## Introduction

The article describes how to build a numeric library that performs calculations with quadruple floating-point precision and how to access the library from MSVC C/C++ code. The technique is illustrated by an example. This example demonstrates a dramatic increase in precision of the calculation compared to those performed with thestandard double precision.

## Background

Most of existing commercial compilers support the double precision calculation as the highest precision possible. This is due to the hardware restrictions of CPU. Extending the precision demands to emulate the precise calculations on the existing hardware thus leading to vast increase of the computation time.

The multi-precision libraries such as GNU MPFR (http://www.mpfr.org/) can perform the calculations with arbitrary precision. However, the usage of these libraries requires the user to rewrite the existing C or FORTRAN code in large extent. The quadruple floating point method is a good compromise between the double precision and the multi-precision calculations since it does not require the rewriting of the existing code (assuming it is supported by the compiler).

It is suggested to implement the quadruple floating-point calculations in C/C++ or FORTRAN dynamic or static library. The advantages of the precision increase is shown by the example of the polynomial roots calculation based on the LAPACK library usage. For this purpose the LAPACK library is compiled with the quadruple floating-point precision.

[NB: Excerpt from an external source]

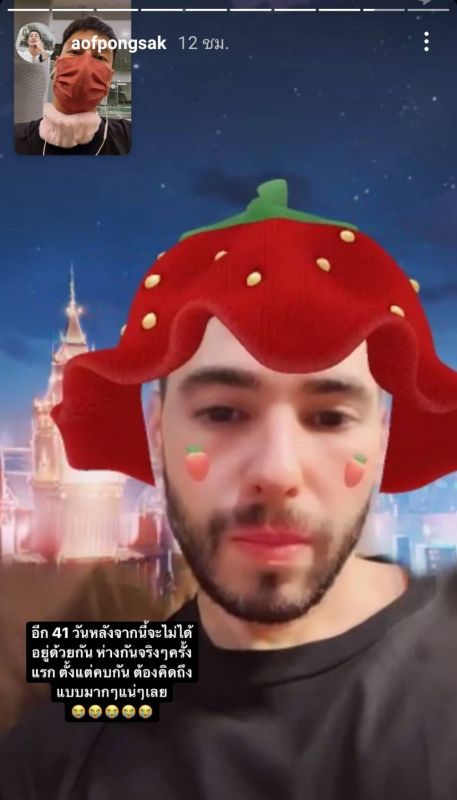最近“Aof”突然表示自己有一点心碎,原来是他不得不与男友分开一个多月,而且还是跨国度分别,于是他在自己的IG Story传了朋友来机场送别的小视频,及亲亲男友“Justin”的帅照,依依不舍抒情起来...“要分开41天,这是自打交往以来第一次远隔重洋,人家一定会hin想你的嘤嘤嘤”。

### Floating-point number formats and variable types

The floating point numbers are presented in the format defined by IEEE Standard for Floating-Point Arithmetic (IEEE 754), see Wiki (https://en.wikipedia.org/wiki/IEEE_754). A floating-point number is presented as following:

| sign bit (S) |exponent bits (exp) | mantissa bits (man) |

The presented number is (-1)^{S} * 1.mantissa * 2^{(exp)} where 'mantissa' consists of binary digits and 'exp' is considered as a singed number.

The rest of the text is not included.